На самом же деле (и этого–то пока не мог понять Горчаков) с ним происходило скорее вот что. Он строил первый в своей жизни собственный дом. Личный, свой дом. В детстве с матерью они жили по частным квартирам, снимали угол, позже он жил все по общежитиям, потом вот с Риммой купили квартиру в панельной девятиэтажке. И все это были жилища, сделанные кем–то для кого–то. Здесь же Горчаков строил себе жилище сам, своими руками, он душу вкладывал в этот дом. И пусть он неказистый, пусть не особняк, не коттедж, но он собственный, в нем каждое бревнышко вынянчено им, Горчаковым, каждая деталь на сто рядов обтерта и согрета его руками. Желание иметь свой дом, явное или неосознанное, живет, наверное, в каждом человеке, и оно неистребимо.
Но так и не уяснив себе до конца, почему его столь больно задело слово «курятник», Горчаков вспомнил другие обидные слова — «возишься все лето», «бобы выращиваешь», «омужичился», «забыл про диссертацию». И тут было над чем подумать.
На самом деле. Что с ним такое происходит? Он ведь действительно чувствует, что его затянула, засосала какая–то стихия… Временами он даже забывает, что он преподаватель, кандидат наук, что близок к защите докторской диссертации; все это отодвинулось куда–то, будто было давно и было не с ним…
«Нет, мы все здесь какие–то немного задвинутые, — думал Горчаков, забыв о том, что совсем еще недавно говорил Лаптеву: «Все вы тут какие–то малость задвинутые…“»
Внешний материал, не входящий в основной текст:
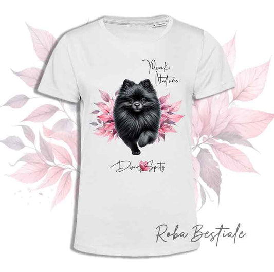 T-Shirt PINK NATURE - SPITZ TEDESCO NANO - POMERANIA Nero - Uomo o Donna - dalla XS alla 5XL
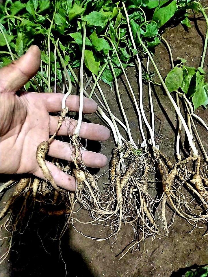 말복이 지나도 여름 폭염은 아직도 물러가지 않았지만 멀리 가까이서 가을이 오는 소리에 산삼잎은 벌쎄 단풍이 들기 시작합니다 푸른 잎이 노랗게 익어 가며 잎이 지며 떨어지며 가을삼이 됩니다 그래서 채심하면 싹대를 잘라버리고 이렇게 삼뿌리만 남게 됩니다 이제부터 명년 4월까지 삼뿌리만 공급할것입…(2019-08-17 18:54:48)

Чтобы понять, что же с ним происходит, Горчакову следовало бы получше знать себя и в частности знать такую свою особенность, как увлеченность делом. Прежде чем браться за какое–то новое дело, он обычно взвешивал все за и против, прикидывал, но когда убеждался в том, что дело стоящее, тогда уж «спускал с цепи» всю свою энергию, концентрировал на этом деле все свои силы без остатка и до тех пор ярился и кипел, пока не добивался результата, не приходил к цели. При этом не жалел себя, выкладывался полностью, беспощадно отбрасывал в сторону все, что могло бы отвлечь от дела, помешать, затормозить. Вот и тут. Убедившись тогда, зимой, в том, что иметь здесь дачу дело стоящее, он ушел в стройку, что называется, с головой. А когда временами наваливалась усталость, подхлестывал в себе азарт стройки, внушал: нет–нет, ты не ошибся, игра стоит свеч, черт побери!
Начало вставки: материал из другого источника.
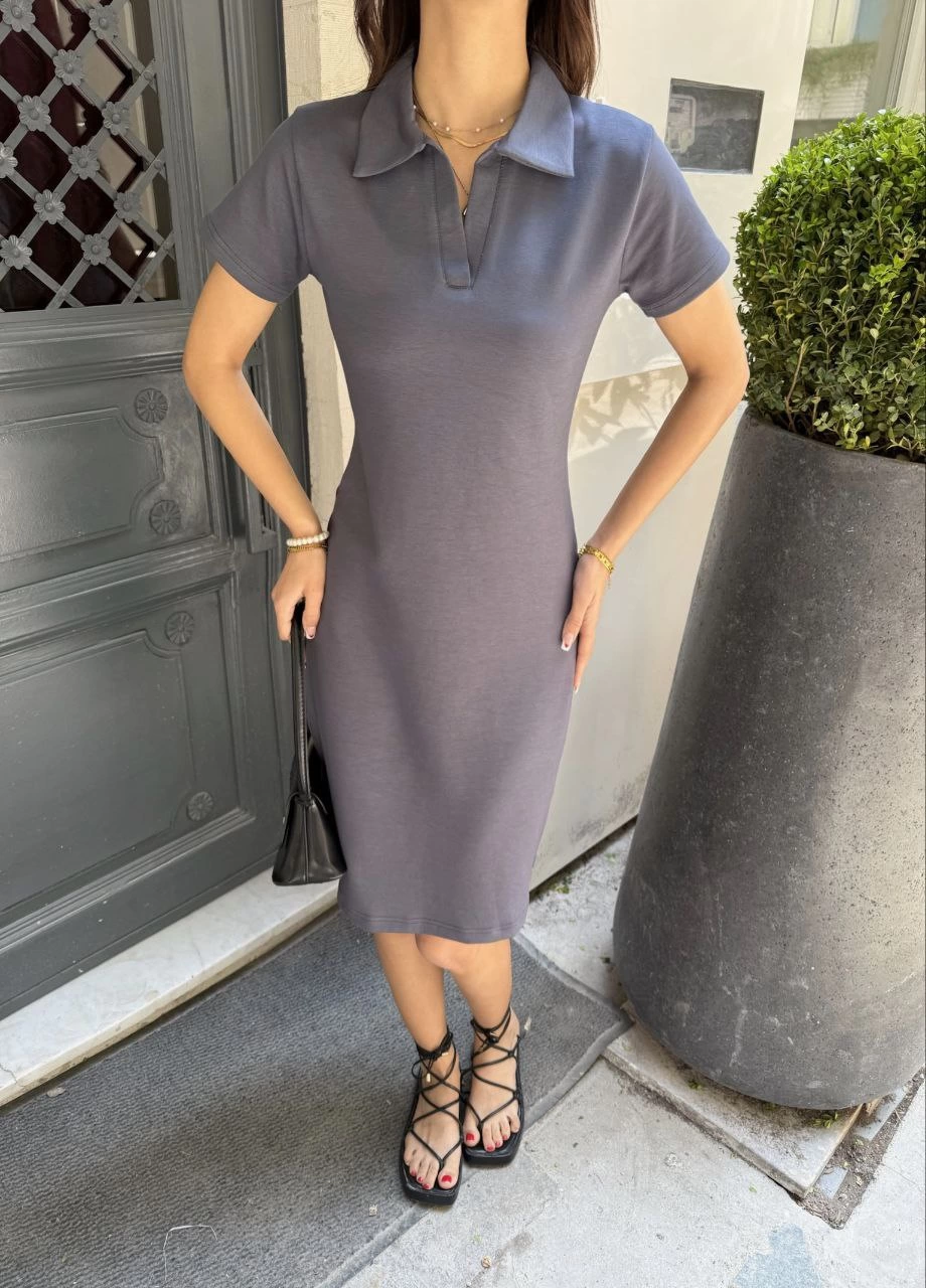 Luviroli Osy Modal Yumuşak Dokulu Kumaş Yakalı Kısa Kollu Elbise - Füme

Ты посмотри, говорил он себе: Анютка превратилась здесь в нормального здорового ребенка. Да разве дело только в здоровье! Девчонка, видевшая раньше травки, цветочки и животных в основном лишь на картинках, познает их здесь в натуре, входит, высоким слогом говоря, в грандиозный и прекрасный мир природы.
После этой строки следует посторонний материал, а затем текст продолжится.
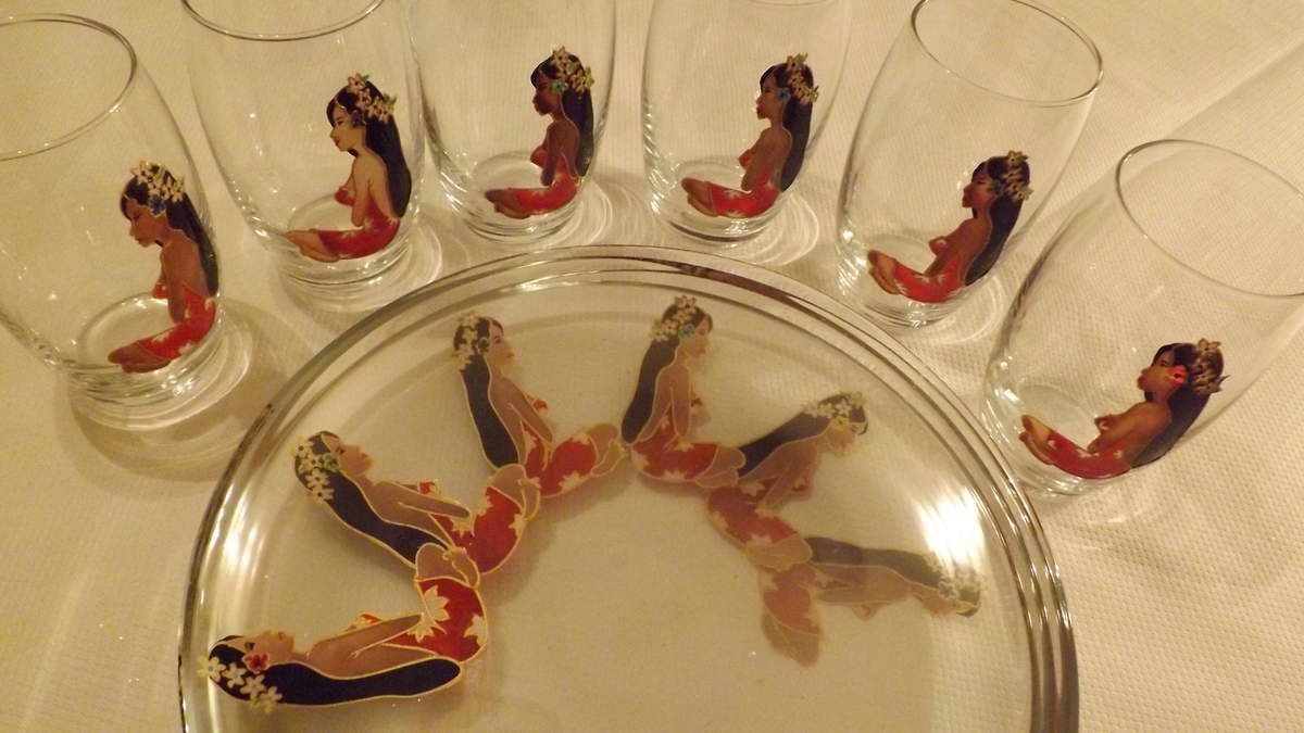 6 assiettes et 6 verres que j'ai dessinés et peints d'une tahitienne . ces articles sont ensuite cuits afin de résister à la vaisselle et au lave-vaisselle à 40 degrés

Горчакову даже пришлось выпросить у Лаптева травник, и, будучи прижатым к стенке дочкиными вопросами: «Папа, а это что
А однажды они удивили даже Лаптева…
Появилась в Парамоновой усадьбе птичка, небольшая, серенькая, с зеленовато–бурым отливом, а внизу, под клювом у нее пламенел красный «галстук». Птичка села на яблоню и давай петь–заливаться, да столь громко, что заглушила своим пением чириканье, посвист и пощелкивание всех других птиц. Она пела, как подумалось Горчакову, на порядок и громче и мелодичнее других. Горчаков поманил пальцем Анютку, вдвоем они подкрались к яблоням и разглядели, как от нежных звучных трелей трепещет и вздувается темно–розовое горлышко певуньи; вот–вот, казалось, разорвется.
На расспросы Анютки: «Какая это птичка! Как называется?» — Горчаков ответил: «А вот мы сейчас узнаем…» И повел Анютку к Лаптевым. Лаптев выслушал их и задумался. Потом, пожав плечами, полез за определителем певчих птиц.
— Эта? — тыкал он пальцем в красочные рисунки то малиновки, то щегла, то деревенской ласточки.
— Нет, не эта! — отвечали ему Горчаковы.
Наконец Лаптев, сам себе не веря, ткнул в рисунок той самой птички и, когда они в голос воскликнули: «Она!» — Лаптев разволновался, начал дергать себя за бородку и покашливать.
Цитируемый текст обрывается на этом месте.